## WORK REQUEST
Exclude the pictures and transcribe the rest of the data below exactly.
┄┄┄┄┄┄┄┄┄┄
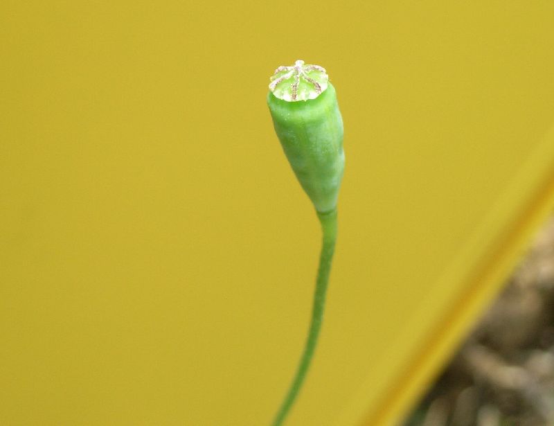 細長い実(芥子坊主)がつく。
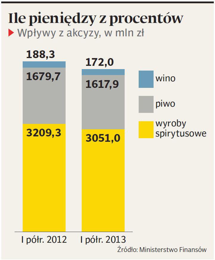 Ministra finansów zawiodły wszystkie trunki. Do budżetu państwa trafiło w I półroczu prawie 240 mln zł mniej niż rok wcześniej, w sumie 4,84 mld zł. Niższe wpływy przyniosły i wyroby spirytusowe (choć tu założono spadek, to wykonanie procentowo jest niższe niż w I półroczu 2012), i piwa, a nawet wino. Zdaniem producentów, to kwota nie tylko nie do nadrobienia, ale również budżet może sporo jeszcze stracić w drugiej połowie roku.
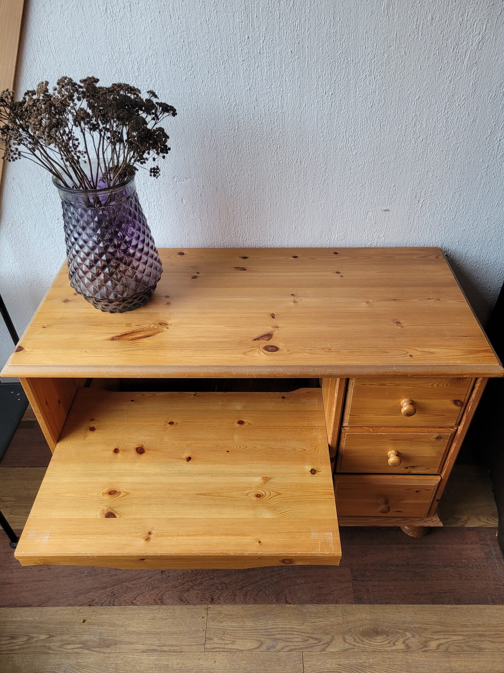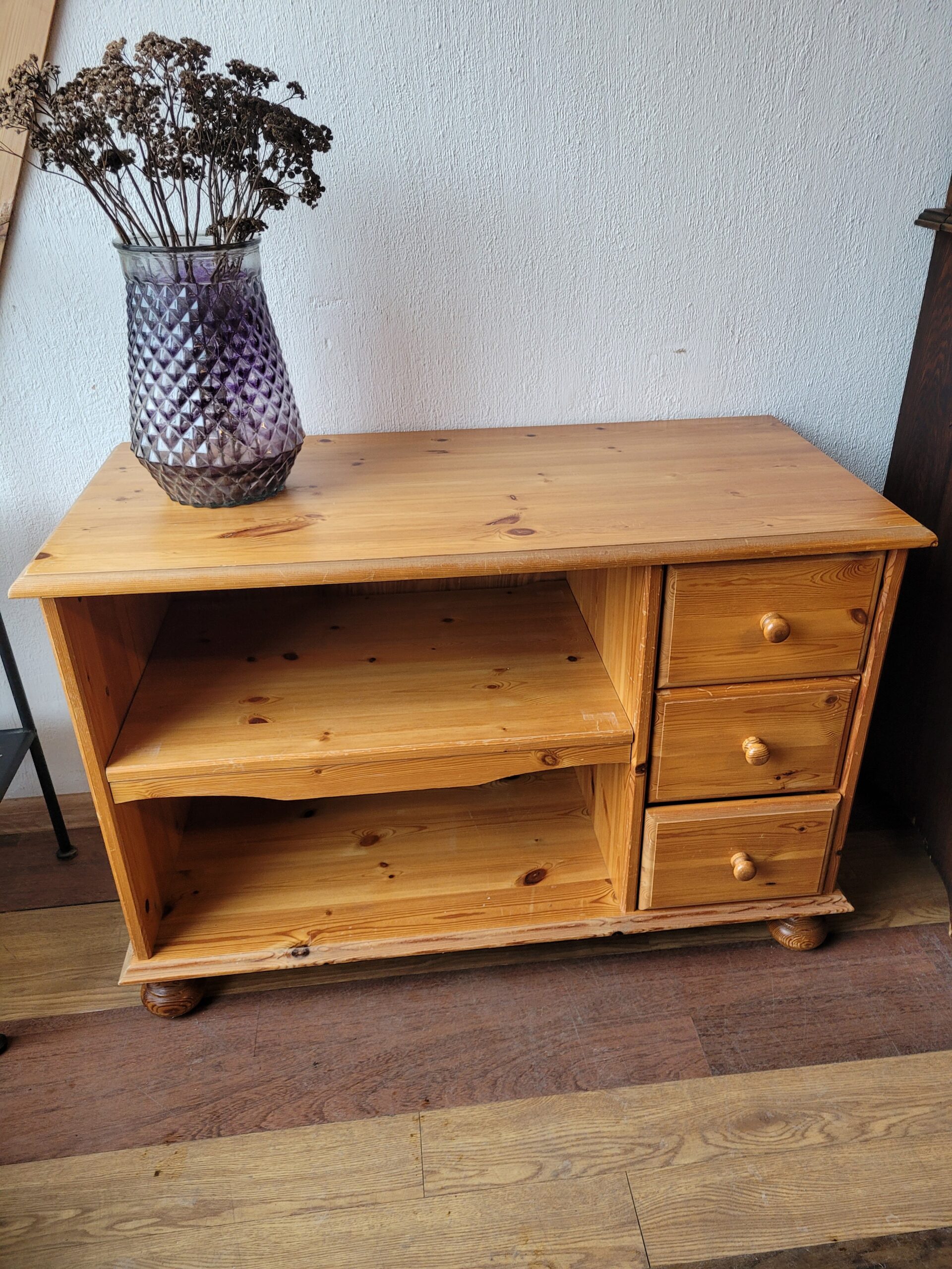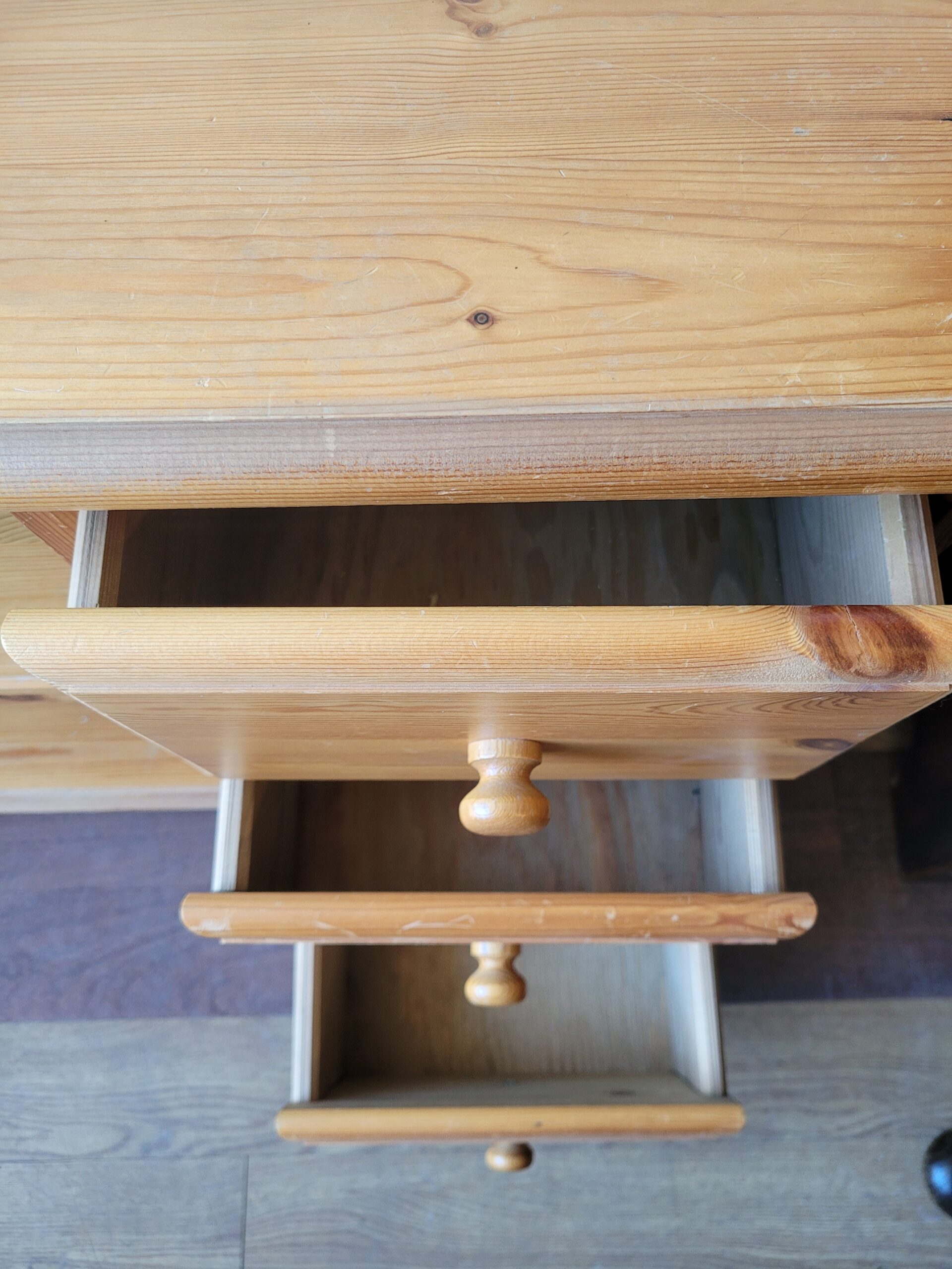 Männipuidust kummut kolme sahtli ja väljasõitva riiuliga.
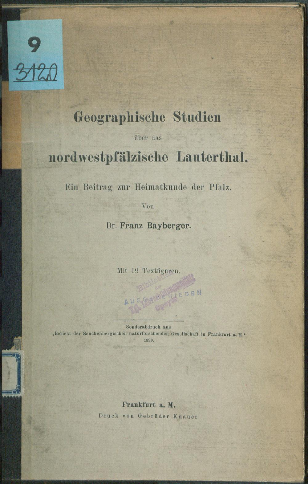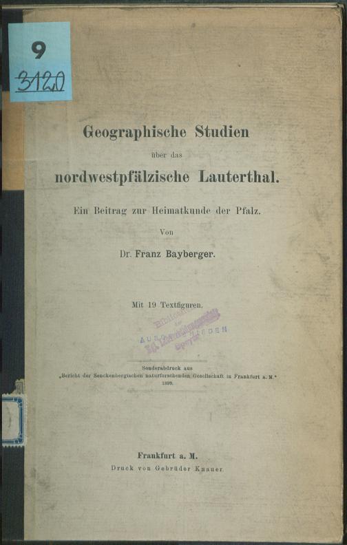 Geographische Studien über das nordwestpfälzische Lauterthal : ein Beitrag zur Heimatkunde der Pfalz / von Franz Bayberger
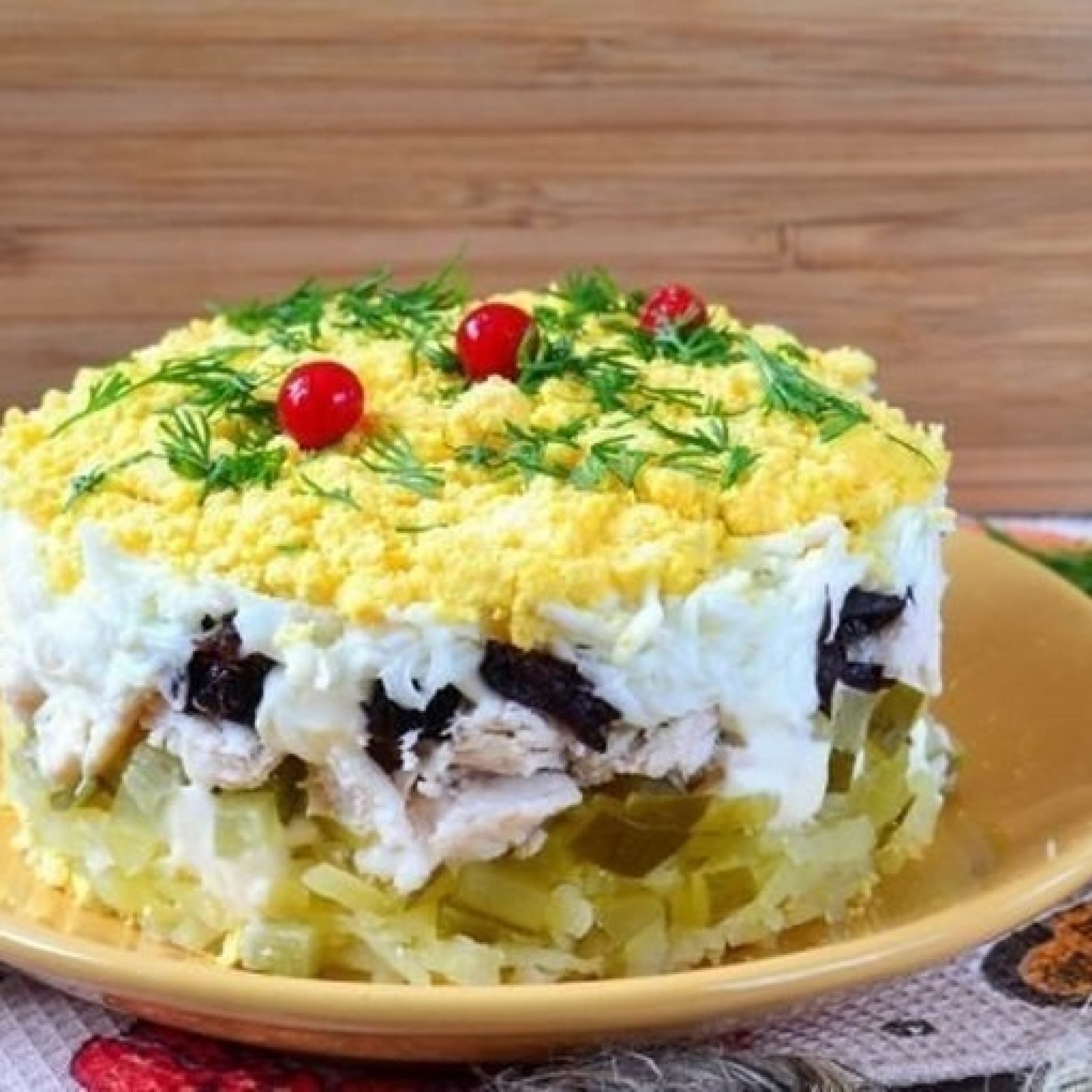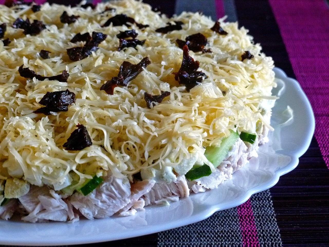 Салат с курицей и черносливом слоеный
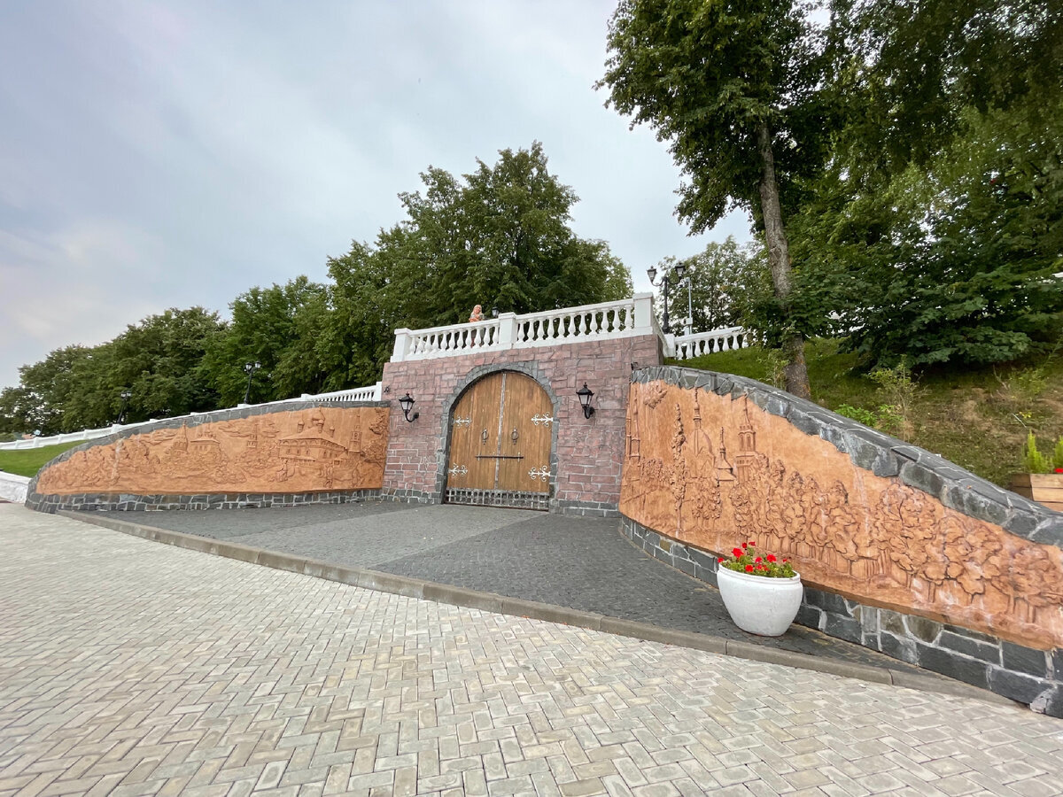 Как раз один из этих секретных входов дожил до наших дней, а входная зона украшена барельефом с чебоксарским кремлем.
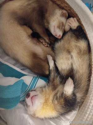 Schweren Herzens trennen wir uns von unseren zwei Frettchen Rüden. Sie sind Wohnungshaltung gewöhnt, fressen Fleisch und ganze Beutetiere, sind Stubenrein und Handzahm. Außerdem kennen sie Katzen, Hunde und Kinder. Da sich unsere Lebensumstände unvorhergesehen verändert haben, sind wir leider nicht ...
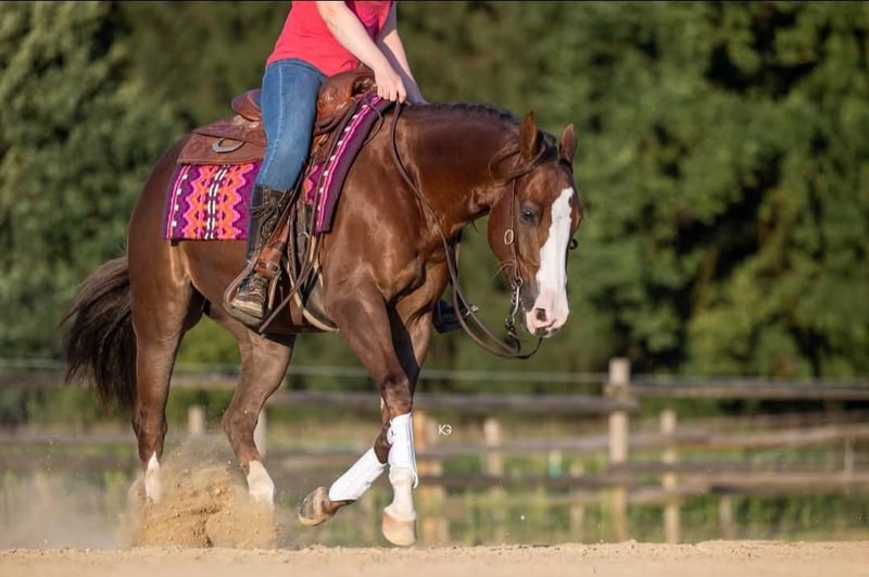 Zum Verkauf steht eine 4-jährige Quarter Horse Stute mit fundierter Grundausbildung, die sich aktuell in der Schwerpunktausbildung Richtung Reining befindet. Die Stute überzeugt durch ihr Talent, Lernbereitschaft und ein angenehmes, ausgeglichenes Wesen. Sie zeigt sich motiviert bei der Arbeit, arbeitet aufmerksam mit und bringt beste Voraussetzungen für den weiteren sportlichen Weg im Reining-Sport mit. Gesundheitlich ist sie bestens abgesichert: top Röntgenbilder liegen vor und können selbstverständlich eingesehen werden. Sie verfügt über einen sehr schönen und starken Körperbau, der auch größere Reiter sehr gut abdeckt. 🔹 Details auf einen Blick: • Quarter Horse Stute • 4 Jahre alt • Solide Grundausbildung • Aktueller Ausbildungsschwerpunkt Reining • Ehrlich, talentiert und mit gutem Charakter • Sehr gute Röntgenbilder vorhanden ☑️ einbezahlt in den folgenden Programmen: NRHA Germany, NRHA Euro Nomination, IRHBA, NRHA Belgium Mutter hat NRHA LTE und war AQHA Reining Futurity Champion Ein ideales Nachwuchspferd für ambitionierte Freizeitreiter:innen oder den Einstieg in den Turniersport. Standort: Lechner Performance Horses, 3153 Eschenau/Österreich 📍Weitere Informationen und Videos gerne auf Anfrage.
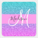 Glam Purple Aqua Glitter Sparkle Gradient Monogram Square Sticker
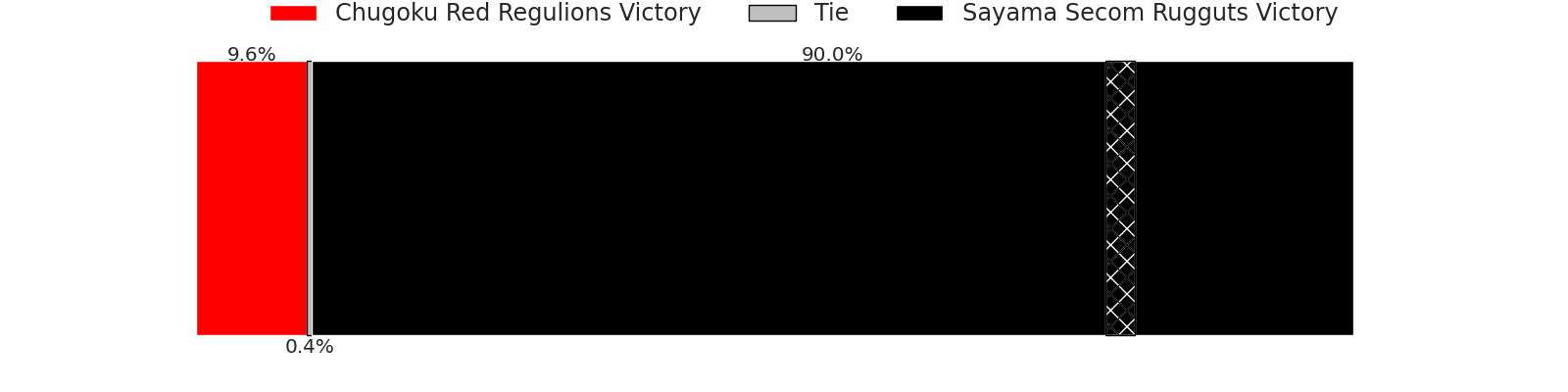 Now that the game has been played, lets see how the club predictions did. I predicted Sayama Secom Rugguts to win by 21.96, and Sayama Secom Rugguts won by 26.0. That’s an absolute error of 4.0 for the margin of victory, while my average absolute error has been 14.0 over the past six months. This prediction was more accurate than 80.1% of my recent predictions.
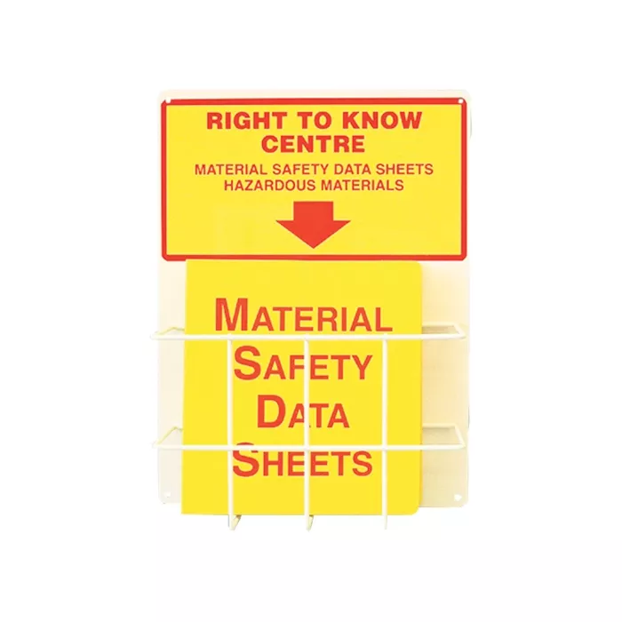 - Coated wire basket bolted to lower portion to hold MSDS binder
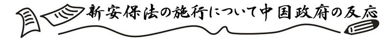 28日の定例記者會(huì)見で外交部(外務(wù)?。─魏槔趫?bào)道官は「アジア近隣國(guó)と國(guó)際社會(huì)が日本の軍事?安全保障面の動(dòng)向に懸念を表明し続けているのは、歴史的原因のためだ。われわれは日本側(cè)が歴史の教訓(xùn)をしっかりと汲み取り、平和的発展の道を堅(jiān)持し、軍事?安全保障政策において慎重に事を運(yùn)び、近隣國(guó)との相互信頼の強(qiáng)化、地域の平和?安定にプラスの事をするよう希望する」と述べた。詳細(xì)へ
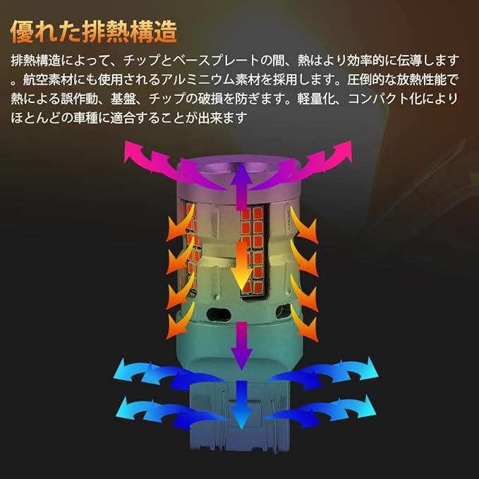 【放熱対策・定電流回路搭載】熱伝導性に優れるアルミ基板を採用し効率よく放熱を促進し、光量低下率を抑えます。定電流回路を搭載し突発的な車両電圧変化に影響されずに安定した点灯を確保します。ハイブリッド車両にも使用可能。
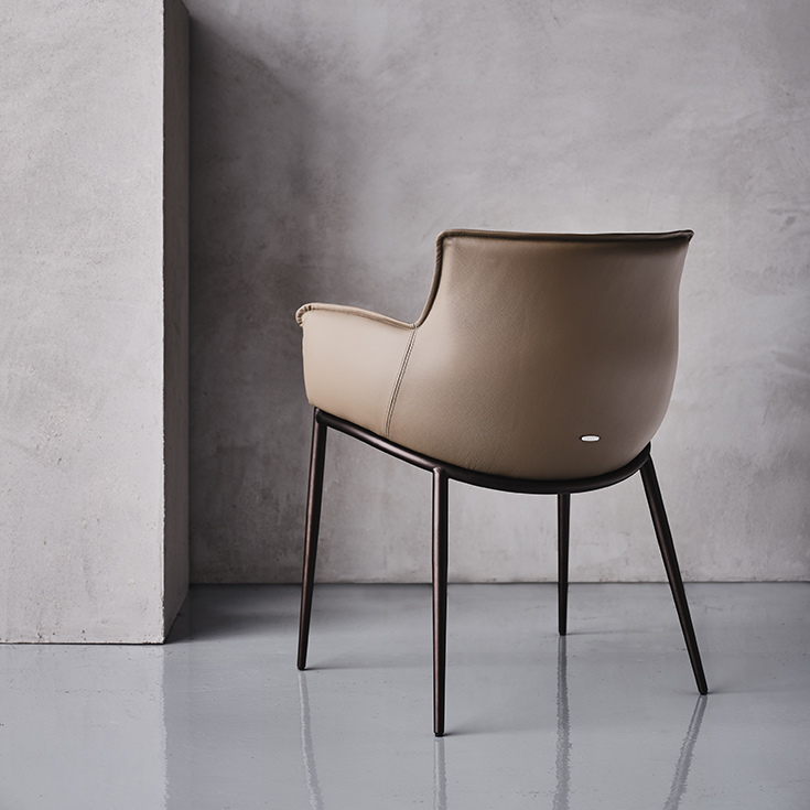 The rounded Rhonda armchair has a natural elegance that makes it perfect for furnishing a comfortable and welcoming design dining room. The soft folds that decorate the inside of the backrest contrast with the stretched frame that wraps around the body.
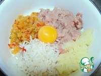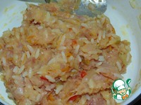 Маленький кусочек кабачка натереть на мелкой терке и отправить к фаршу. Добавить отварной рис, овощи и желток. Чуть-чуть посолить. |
┄┄┄┄┄┄┄┄┄┄
## ANSWER TO THIS EXERCISE
 細長い実(芥子坊主)がつく。
 Ministra finansów zawiodły wszystkie trunki. Do budżetu państwa trafiło w I półroczu prawie 240 mln zł mniej niż rok wcześniej, w sumie 4,84 mld zł. Niższe wpływy przyniosły i wyroby spirytusowe (choć tu założono spadek, to wykonanie procentowo jest niższe niż w I półroczu 2012), i piwa, a nawet wino. Zdaniem producentów, to kwota nie tylko nie do nadrobienia, ale również budżet może sporo jeszcze stracić w drugiej połowie roku.
 Männipuidust kummut kolme sahtli ja väljasõitva riiuliga.
 Geographische Studien über das nordwestpfälzische Lauterthal : ein Beitrag zur Heimatkunde der Pfalz / von Franz Bayberger
 Салат с курицей и черносливом слоеный
 Как раз один из этих секретных входов дожил до наших дней, а входная зона украшена барельефом с чебоксарским кремлем.
 Schweren Herzens trennen wir uns von unseren zwei Frettchen Rüden. Sie sind Wohnungshaltung gewöhnt, fressen Fleisch und ganze Beutetiere, sind Stubenrein und Handzahm. Außerdem kennen sie Katzen, Hunde und Kinder. Da sich unsere Lebensumstände unvorhergesehen verändert haben, sind wir leider nicht ...
 Zum Verkauf steht eine 4-jährige Quarter Horse Stute mit fundierter Grundausbildung, die sich aktuell in der Schwerpunktausbildung Richtung Reining befindet. Die Stute überzeugt durch ihr Talent, Lernbereitschaft und ein angenehmes, ausgeglichenes Wesen. Sie zeigt sich motiviert bei der Arbeit, arbeitet aufmerksam mit und bringt beste Voraussetzungen für den weiteren sportlichen Weg im Reining-Sport mit. Gesundheitlich ist sie bestens abgesichert: top Röntgenbilder liegen vor und können selbstverständlich eingesehen werden. Sie verfügt über einen sehr schönen und starken Körperbau, der auch größere Reiter sehr gut abdeckt. 🔹 Details auf einen Blick: • Quarter Horse Stute • 4 Jahre alt • Solide Grundausbildung • Aktueller Ausbildungsschwerpunkt Reining • Ehrlich, talentiert und mit gutem Charakter • Sehr gute Röntgenbilder vorhanden ☑️ einbezahlt in den folgenden Programmen: NRHA Germany, NRHA Euro Nomination, IRHBA, NRHA Belgium Mutter hat NRHA LTE und war AQHA Reining Futurity Champion Ein ideales Nachwuchspferd für ambitionierte Freizeitreiter:innen oder den Einstieg in den Turniersport. Standort: Lechner Performance Horses, 3153 Eschenau/Österreich 📍Weitere Informationen und Videos gerne auf Anfrage.
 Glam Purple Aqua Glitter Sparkle Gradient Monogram Square Sticker
 Now that the game has been played, lets see how the club predictions did. I predicted Sayama Secom Rugguts to win by 21.96, and Sayama Secom Rugguts won by 26.0. That’s an absolute error of 4.0 for the margin of victory, while my average absolute error has been 14.0 over the past six months. This prediction was more accurate than 80.1% of my recent predictions.
 - Coated wire basket bolted to lower portion to hold MSDS binder
 28日の定例記者會(huì)見で外交部(外務(wù)?。─魏槔趫?bào)道官は「アジア近隣國(guó)と國(guó)際社會(huì)が日本の軍事?安全保障面の動(dòng)向に懸念を表明し続けているのは、歴史的原因のためだ。われわれは日本側(cè)が歴史の教訓(xùn)をしっかりと汲み取り、平和的発展の道を堅(jiān)持し、軍事?安全保障政策において慎重に事を運(yùn)び、近隣國(guó)との相互信頼の強(qiáng)化、地域の平和?安定にプラスの事をするよう希望する」と述べた。詳細(xì)へ
 【放熱対策・定電流回路搭載】熱伝導性に優れるアルミ基板を採用し効率よく放熱を促進し、光量低下率を抑えます。定電流回路を搭載し突発的な車両電圧変化に影響されずに安定した点灯を確保します。ハイブリッド車両にも使用可能。
 The rounded Rhonda armchair has a natural elegance that makes it perfect for furnishing a comfortable and welcoming design dining room. The soft folds that decorate the inside of the backrest contrast with the stretched frame that wraps around the body.
 Маленький кусочек кабачка натереть на мелкой терке и отправить к фаршу. Добавить отварной рис, овощи и желток. Чуть-чуть посолить. |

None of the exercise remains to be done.